> [Task description] The entries that follow must be given again exactly, with the pictures excluded.

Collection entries
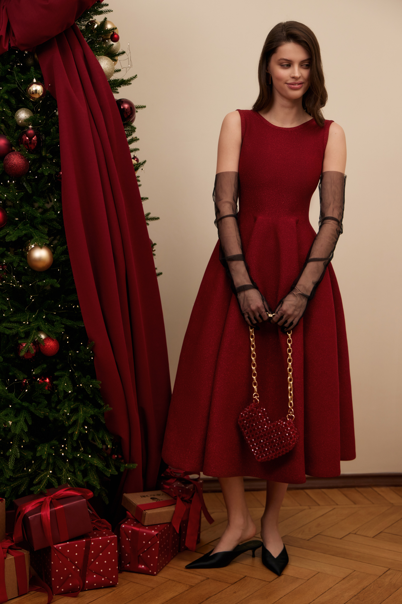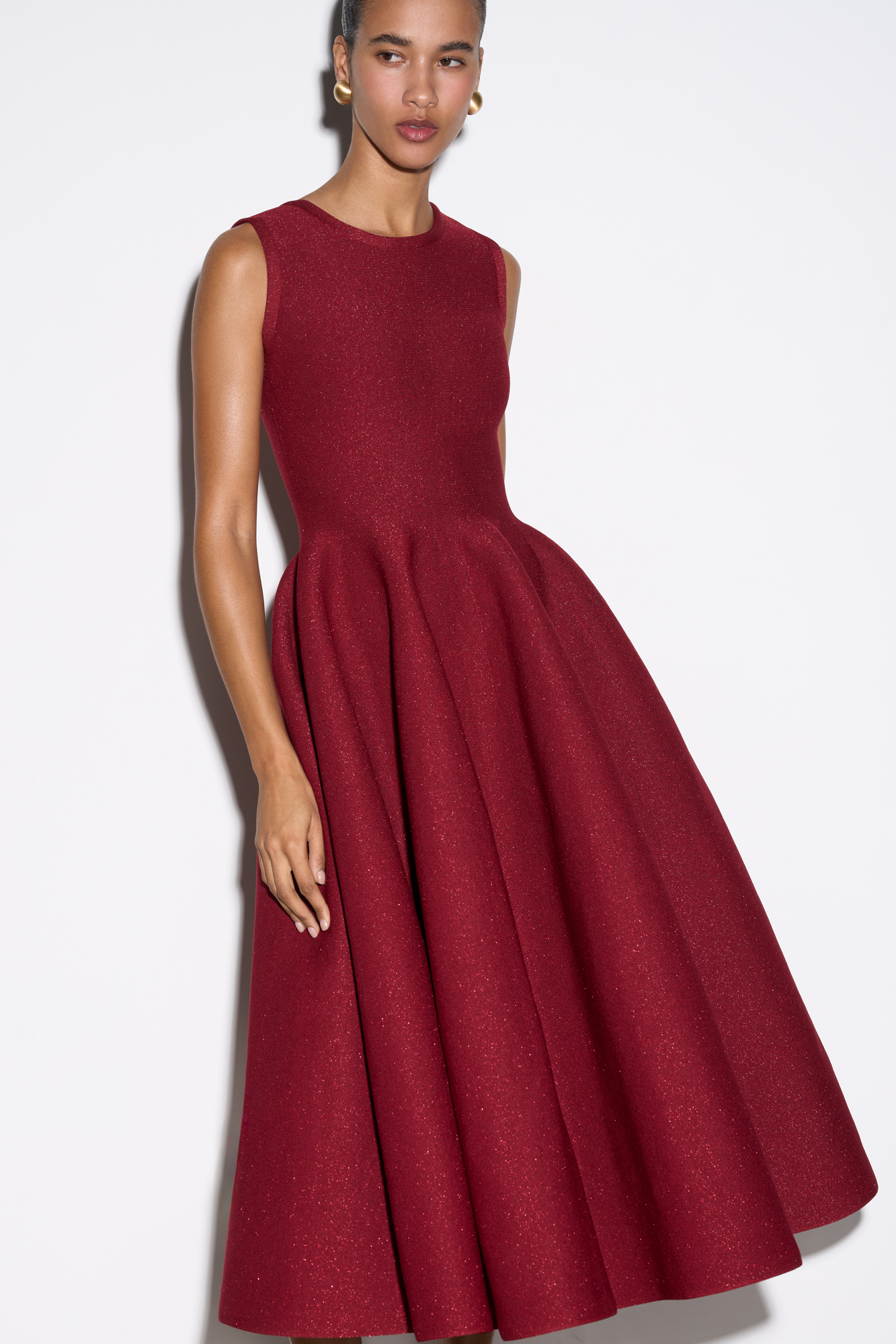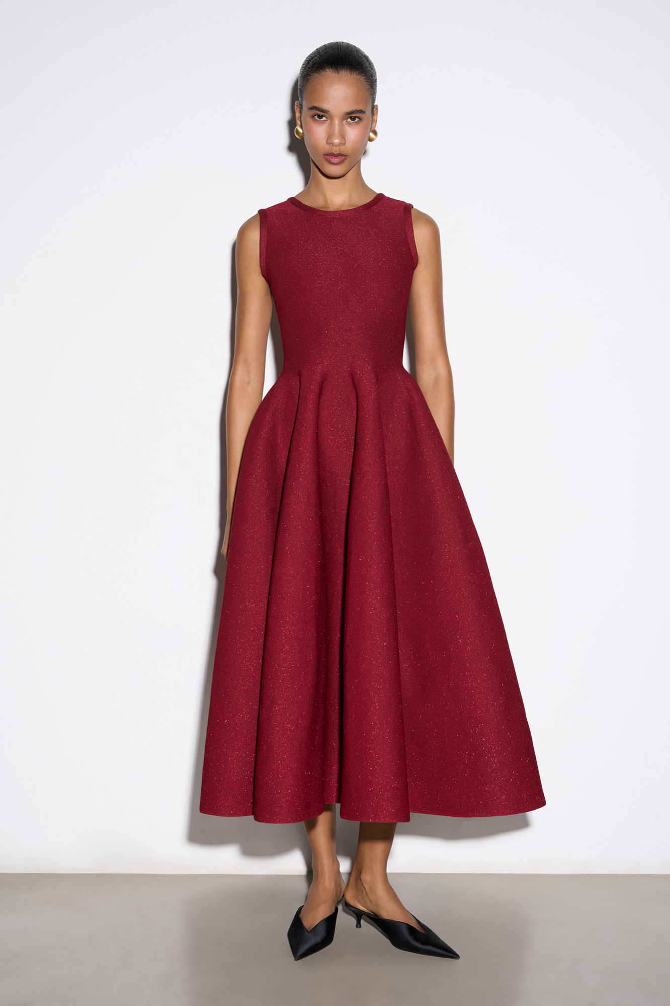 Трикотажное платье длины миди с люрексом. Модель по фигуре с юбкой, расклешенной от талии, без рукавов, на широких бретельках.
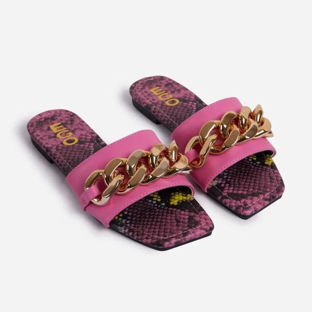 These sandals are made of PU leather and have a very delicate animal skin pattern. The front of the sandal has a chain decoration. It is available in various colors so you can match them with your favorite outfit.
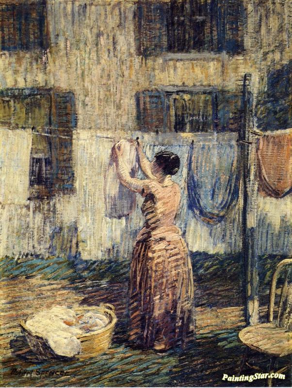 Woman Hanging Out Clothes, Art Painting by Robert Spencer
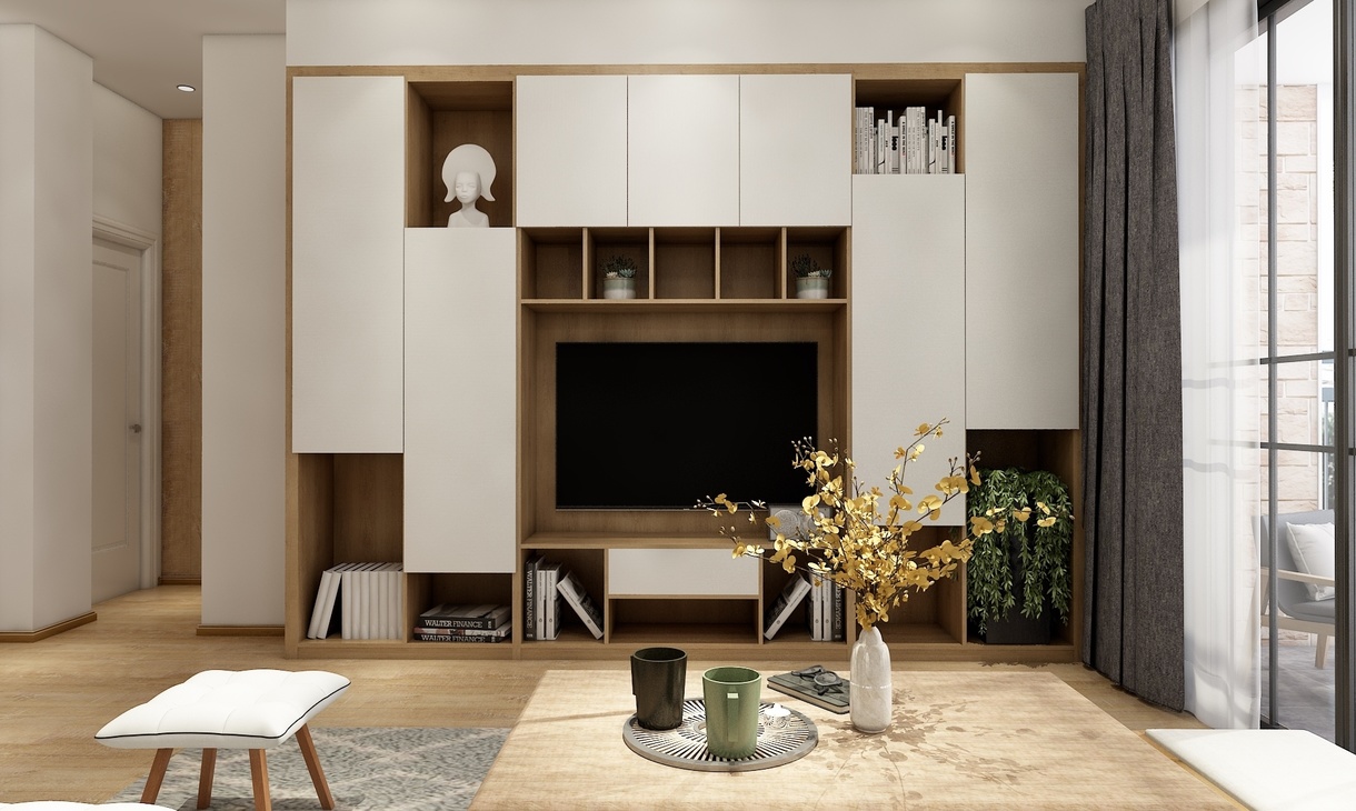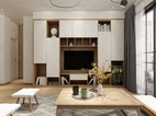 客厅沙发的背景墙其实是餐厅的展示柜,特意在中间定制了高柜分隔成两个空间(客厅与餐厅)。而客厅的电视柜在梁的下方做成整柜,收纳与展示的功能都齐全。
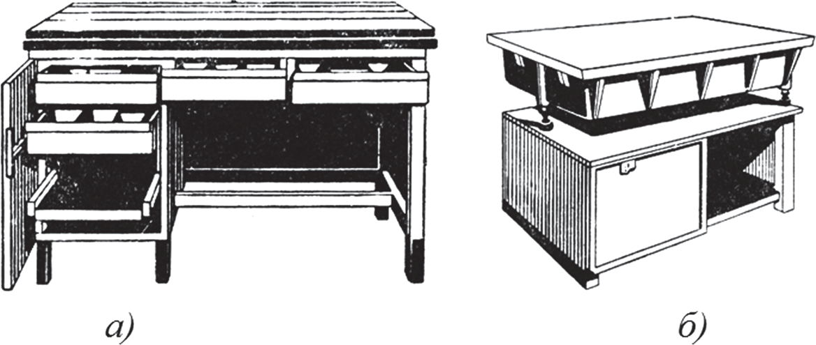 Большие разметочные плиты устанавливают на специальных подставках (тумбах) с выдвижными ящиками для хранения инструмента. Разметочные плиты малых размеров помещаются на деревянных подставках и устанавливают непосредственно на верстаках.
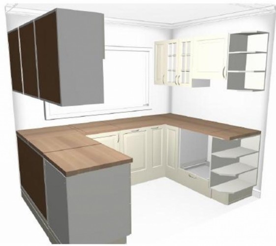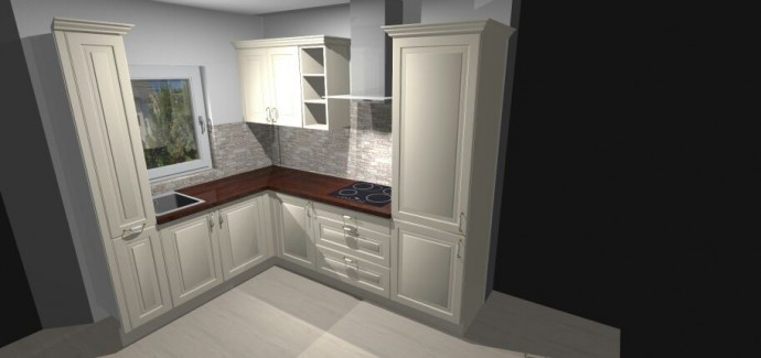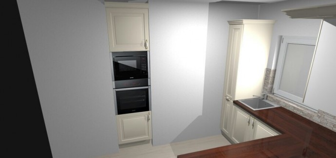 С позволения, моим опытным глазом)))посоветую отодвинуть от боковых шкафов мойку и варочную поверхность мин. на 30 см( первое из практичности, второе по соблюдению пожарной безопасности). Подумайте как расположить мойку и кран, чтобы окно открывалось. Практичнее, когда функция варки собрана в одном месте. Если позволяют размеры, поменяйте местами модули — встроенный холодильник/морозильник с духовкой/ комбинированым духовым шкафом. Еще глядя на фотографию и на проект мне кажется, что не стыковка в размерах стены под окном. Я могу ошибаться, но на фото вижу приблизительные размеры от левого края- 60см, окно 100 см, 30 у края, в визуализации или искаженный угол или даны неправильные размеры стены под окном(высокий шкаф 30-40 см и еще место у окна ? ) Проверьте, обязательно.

> [Reply]
 Трикотажное платье длины миди с люрексом. Модель по фигуре с юбкой, расклешенной от талии, без рукавов, на широких бретельках.
 These sandals are made of PU leather and have a very delicate animal skin pattern. The front of the sandal has a chain decoration. It is available in various colors so you can match them with your favorite outfit.
 Woman Hanging Out Clothes, Art Painting by Robert Spencer
 客厅沙发的背景墙其实是餐厅的展示柜,特意在中间定制了高柜分隔成两个空间(客厅与餐厅)。而客厅的电视柜在梁的下方做成整柜,收纳与展示的功能都齐全。
 Большие разметочные плиты устанавливают на специальных подставках (тумбах) с выдвижными ящиками для хранения инструмента. Разметочные плиты малых размеров помещаются на деревянных подставках и устанавливают непосредственно на верстаках.
 С позволения, моим опытным глазом)))посоветую отодвинуть от боковых шкафов мойку и варочную поверхность мин. на 30 см( первое из практичности, второе по соблюдению пожарной безопасности). Подумайте как расположить мойку и кран, чтобы окно открывалось. Практичнее, когда функция варки собрана в одном месте. Если позволяют размеры, поменяйте местами модули — встроенный холодильник/морозильник с духовкой/ комбинированым духовым шкафом. Еще глядя на фотографию и на проект мне кажется, что не стыковка в размерах стены под окном. Я могу ошибаться, но на фото вижу приблизительные размеры от левого края- 60см, окно 100 см, 30 у края, в визуализации или искаженный угол или даны неправильные размеры стены под окном(высокий шкаф 30-40 см и еще место у окна ? ) Проверьте, обязательно.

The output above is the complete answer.